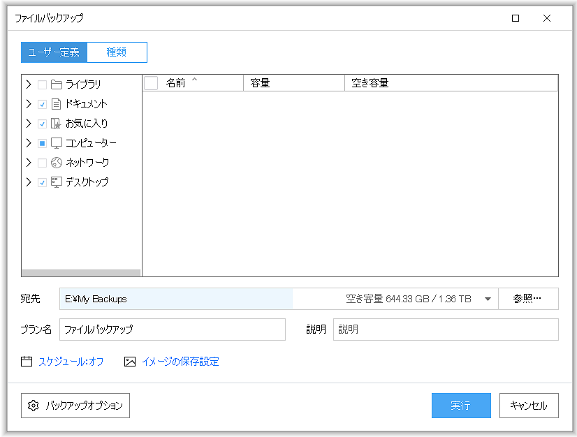 指定方法は、ファイル の バックアップと同じですが、「スケジュール」や「イメージの保存設定」「バックアップオプション」の設定がありません。
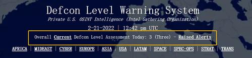 警报声明解释了此次总体等级升至3级的原因。由于乌克兰边境局势和埃塞俄比亚国内持续冲突等事件,目前美国中央司令部、美国欧洲司令部及美国非洲司令部都提升了警报级别,从而总体提升了警报级别。
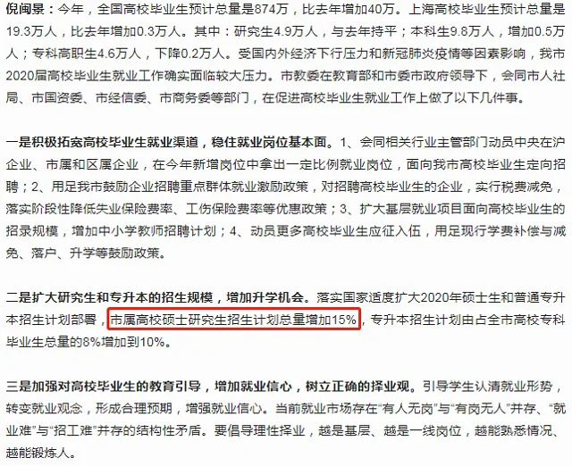 上海市疾控中心举行的第41场新闻发布会上,上海市教委副主任倪闽景表示,将落实国家适度扩大2020年硕士生和普通专升本招生计划部署,市属高校硕士研究生招生计划总量增加15%,专升本招生计划由占全市高校专科毕业生总量的8%增加到10%,为有志于升学深造的毕业生提供更多的机会。
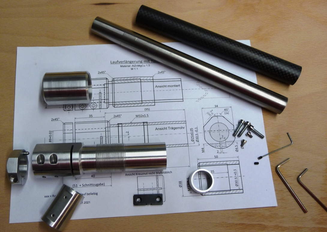 als Altersteilzeitler verfügt man einfach über etwas mehr an freier Zeit, Corona tut sein übriges. Wie schon mal erwähnt baue ich mir einen Aluschaft mit Laufklemmung. Nur ist dieses Projekt sehr umfangreich und deshalb habe ich mir zur Abwechslung jetzt eine Laufverlängerung mit Tuner, also Bloop Tube mit Barrel Tuner auf Neudeutsch gefertigt.
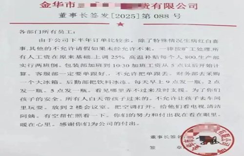 近日,浙江金华市某公司董事长签发的一份内部“红头文件”在社交平台传播后迅速走红。文件中明确了加班制度、全员加薪、高温补贴发放等内容,还特别允许员工“带娃上班”,这一举措引发网友热议,不少人点评此举充满“人情味”。
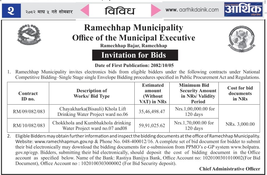 Invitation for bids (Chayakharka(Bisauli) Khola Lift Drinking Water Project ward no.06, Chokkhola and Kumbhakhola drinking Water Project ward no.07 and08)
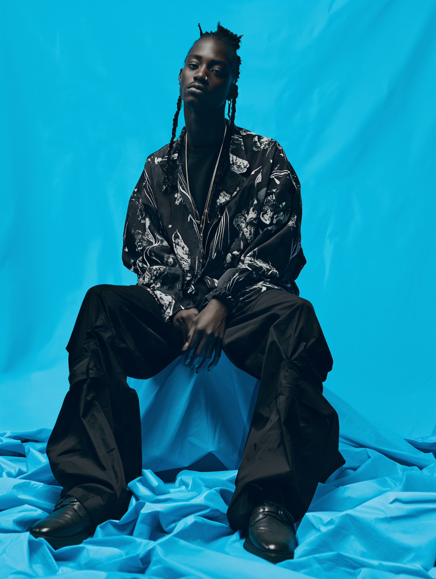 Stylish man in black patterned jacket and loose pants against a vibrant blue backdrop, exuding confidence and calm.
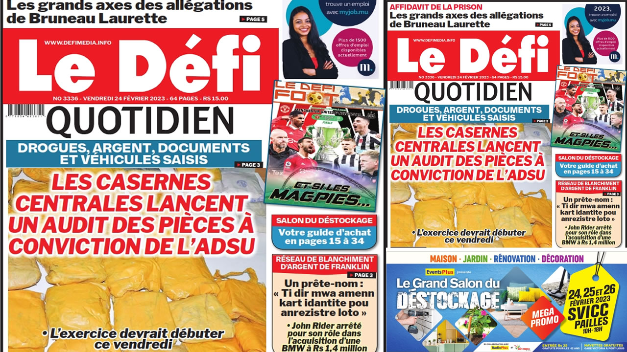 ? Voici la Une du Défi Quotidien. Le journal est en vente à Rs 15 l'exemplaire aux endroits habituels (supermarchés, boutiques, tabagies, superettes). Bonne lecture !
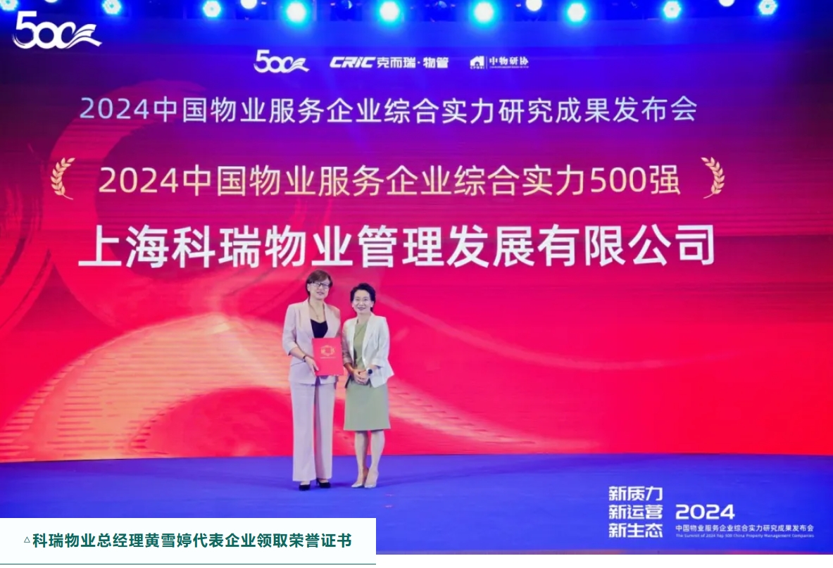 8月22日,2024中國(guó)物業(yè)服務(wù)企業(yè)綜合實(shí)力研究成果發(fā)布會(huì)在上海舉辦。來自全國(guó)各地的30余家省市級(jí)物業(yè)協(xié)會(huì)會(huì)長(zhǎng)、秘書長(zhǎng),50余位大咖嘉賓,近600位物業(yè)上下游產(chǎn)業(yè)鏈的行業(yè)同仁齊聚。會(huì)議發(fā)布了“2024中國(guó)物業(yè)服務(wù)企業(yè)綜合實(shí)力500強(qiáng)”“2024中國(guó)物業(yè)服務(wù)企業(yè)綜合實(shí)力細(xì)分領(lǐng)域”“2024中國(guó)物業(yè)管理卓越標(biāo)桿項(xiàng)目”等一系列研究成果,以物業(yè)綜合實(shí)力領(lǐng)域權(quán)威成果為行業(yè)樹立了年度風(fēng)向標(biāo)。 在「2024中國(guó)物業(yè)服務(wù)企業(yè)綜合實(shí)力研究成果」中,科瑞物業(yè)憑借穩(wěn)健的財(cái)務(wù)表現(xiàn)、卓越的運(yùn)營(yíng)能力和良好的服務(wù)口碑,榮獲“2024中國(guó)物業(yè)服務(wù)企業(yè)綜合實(shí)力50強(qiáng)第42名”,較去年提升4位。 榮獲“2024中國(guó)產(chǎn)業(yè)園區(qū)物業(yè)服務(wù)領(lǐng)先企業(yè)”“2024中國(guó)行政辦公物業(yè)服務(wù)領(lǐng)先企業(yè)”以及“2024中國(guó)紅色物業(yè)服務(wù)領(lǐng)先企業(yè)”。 榮獲“2024中國(guó)物業(yè)管理卓越標(biāo)桿項(xiàng)目——上海市五愛高級(jí)中學(xué)(學(xué)校)”“2024中國(guó)物業(yè)管理卓越標(biāo)桿項(xiàng)目——上海綠地中環(huán)廣場(chǎng)(產(chǎn)業(yè)園區(qū))”共計(jì)六項(xiàng)榮譽(yù)。
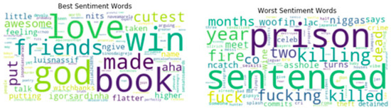 Sentiment analysis is the mining of text which identifies and extracts subjective information of sentiment/opinion that can be positive or negative. For this analysis, the AFINN lexicon-based method was used. AFINN is a list of words rated for valence with an integer between minus five (negative) and plus five (positive). Figure 7 presents the word clouds of positive and negative sentiments found in the Tweeter analysis. Tweets including words such as love, god, win, book or awesome have high frequency in the most positive sentiments, whereas tweets such as prison, sentenced, killed and profane make the most negative sentiments.
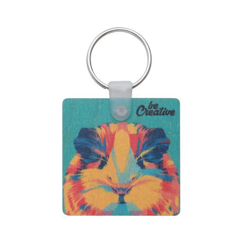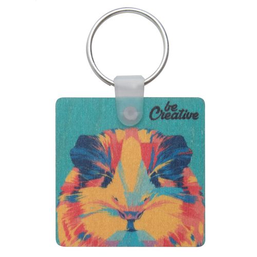 Square shaped, laminated birch wood keyring with full colour printing. Price includes UV LED printing on one side. MOQ: 200 pcs.
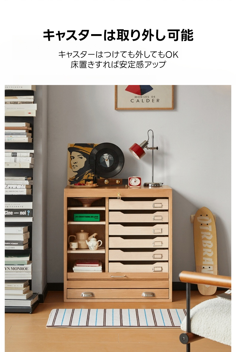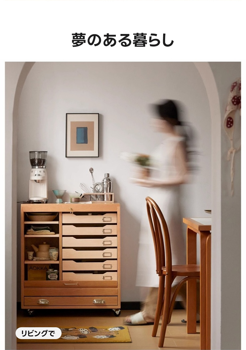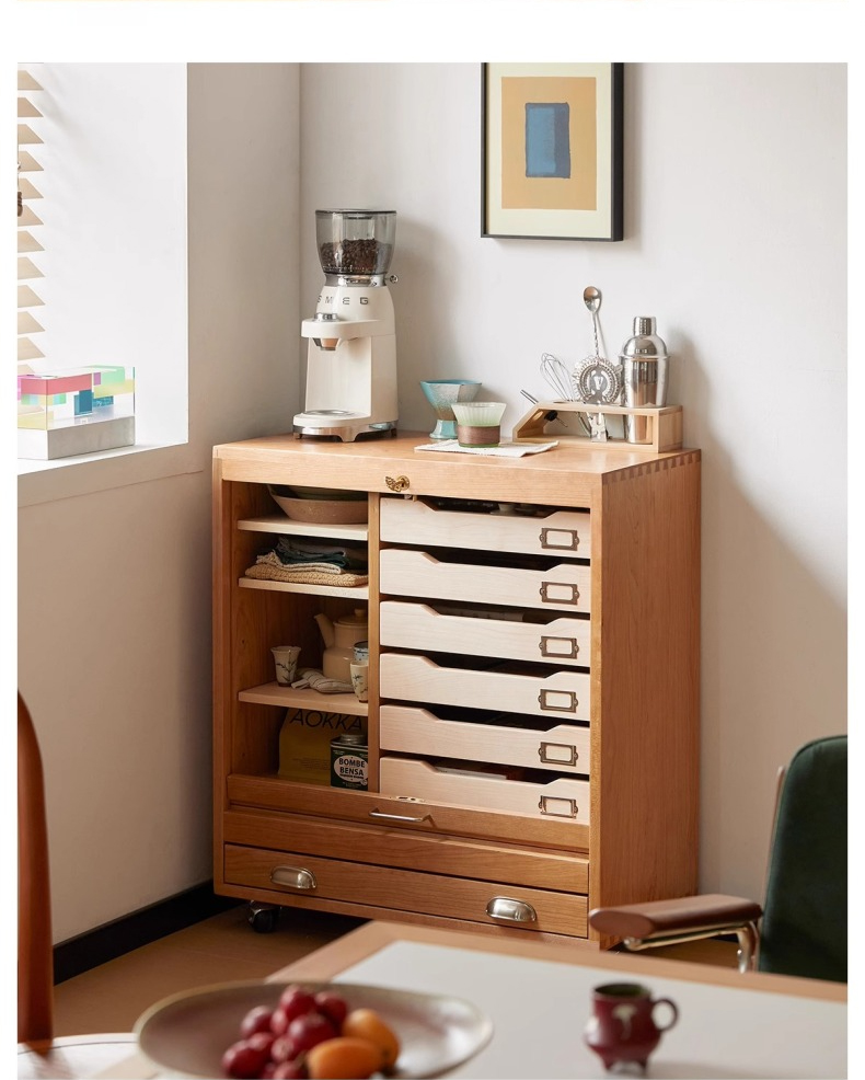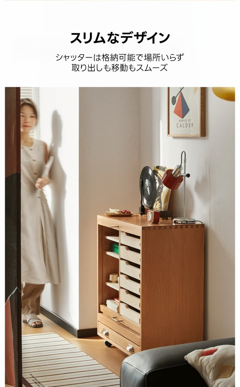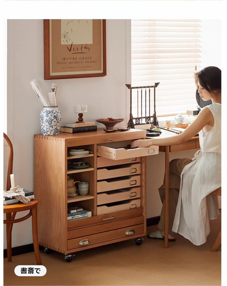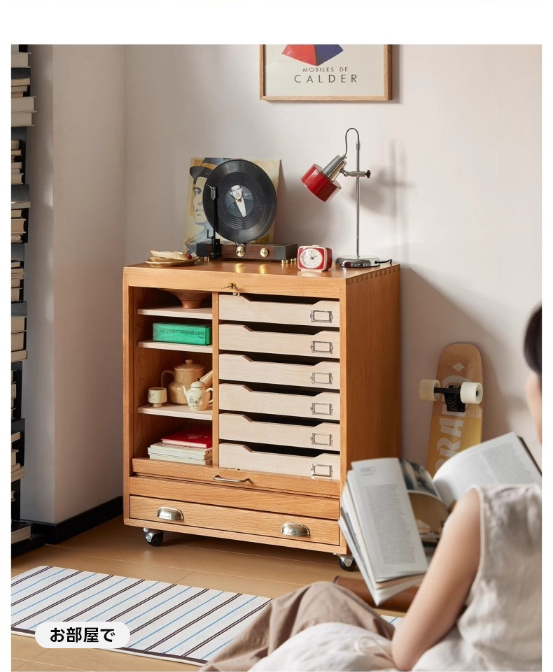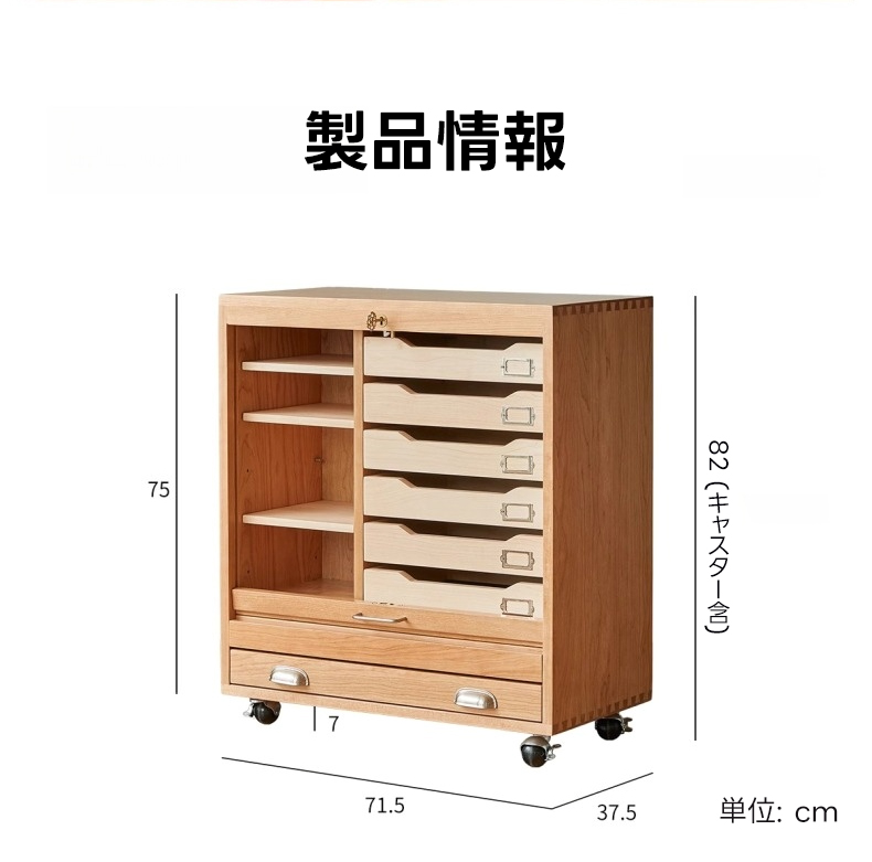 - 【多機能収納キャビネット】このチェリー材シャッター式キャビネットは、6段の引き出しとオープンスペースを備え、書類や小物を効率的に整理できます。シャッター式扉により、ほこりを防ぎプライバシーを守ります。
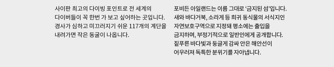 - 포비든 아일랜드(Forbidden Island) : 포비든 아일랜드는 이름 그대로 '금지된 섬'입니다. 새와 바다거북, 소라게 등 희귀 동식물의 서식지인 자연보호구역으로 지정돼 평소에는 출입을 금지하며 부정기적으로 일반인에게 공개합니다. 짙푸른 바다빛과 둥글게 감싸 안은 해안선이 독특한 분위기를 자아냅니다.
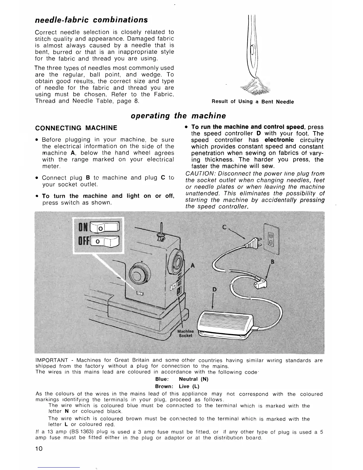 Singer Magic 22 - Needle-Fabric Combination Guidelines; Connecting the Sewing Machine; Operating the Sewing Machine
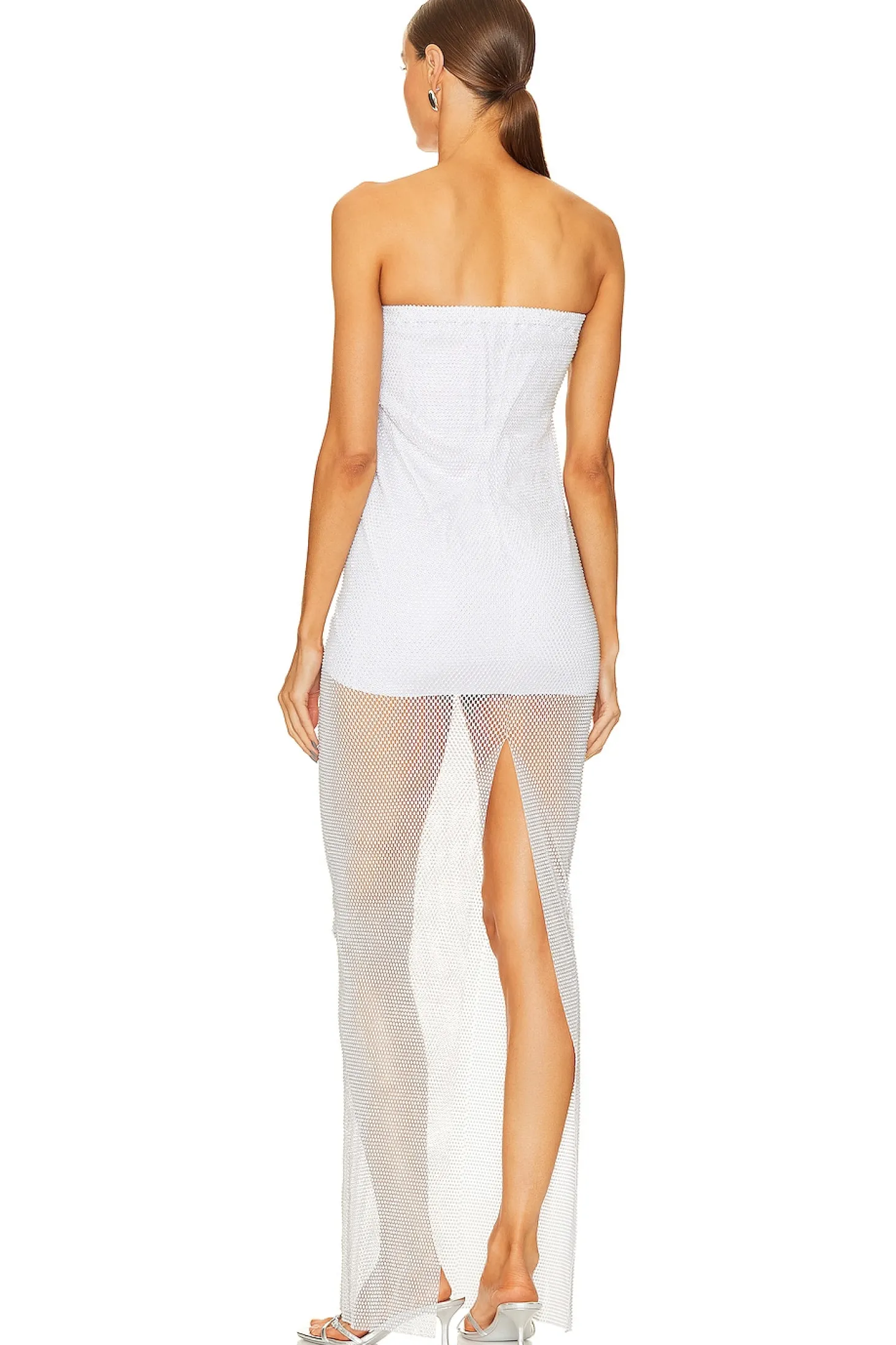50% rhinestones 30% polyester 20% cotton.Made in Ukraine.Dry clean only.Unlined.Pull-on styling with elastic neckline trim.Open knit fabric with rhinestone embellishments throughout with back vent.Neckline to hem measures approx 57" in length

····················

▶ [Work to complete] Nothing but the lines from the first line of the listing above to the line containing "上海市疾控中心举行的第41场" should appear in the answer, each one exact and with no pictures.

▶ [Finished task]
 指定方法は、ファイル の バックアップと同じですが、「スケジュール」や「イメージの保存設定」「バックアップオプション」の設定がありません。
 警报声明解释了此次总体等级升至3级的原因。由于乌克兰边境局势和埃塞俄比亚国内持续冲突等事件,目前美国中央司令部、美国欧洲司令部及美国非洲司令部都提升了警报级别,从而总体提升了警报级别。
 上海市疾控中心举行的第41场新闻发布会上,上海市教委副主任倪闽景表示,将落实国家适度扩大2020年硕士生和普通专升本招生计划部署,市属高校硕士研究生招生计划总量增加15%,专升本招生计划由占全市高校专科毕业生总量的8%增加到10%,为有志于升学深造的毕业生提供更多的机会。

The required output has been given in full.